Gail took both his hands in hers, squeezed them. "You are ready for it," she told him, earnestly. "You're very good at your job, and you deserve this promotion. You deserve everything they're giving you. Take it."
He smiled at her. "I will then," he said.
--
Nathan took one look at her face and jumped to his feet. "What is it? Gail?"
"Roger Berquist offered me a job in the Department of Education," she said, feeling stunned.
"Holy shit," Nathan said, and came forward, beaming. "Congratulations, that's amazing!"
"I know, but..." She bit her lip. "It's a big step. Not even a step, it's a jump. A skydive. And I don't know if I have a parachute."
He looked at her for a moment, then said, "Gail, you're married to me. You always have a parachute."
She smiled at him, and felt a bit less stunned.
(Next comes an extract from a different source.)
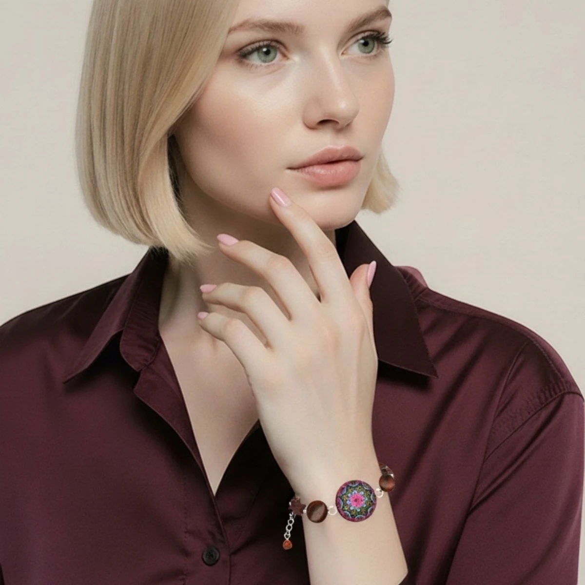 - Ce bracelet en bois est composé d’un rond cabochon de 20mm motif mandala, accompagné de perles en bois rondes et d’étoiles.

19. There is nothing more difficult for a truly creative painter than to paint a rose, because before he can do so he has first to forget all the roses that were ever painted.
In the middle of work, Gail realized that she was late. She was never late.
She couldn't wait to get home, or even for her lunch break; she ran to the department store down the street, bought a test, and took it back to the bathroom by her office.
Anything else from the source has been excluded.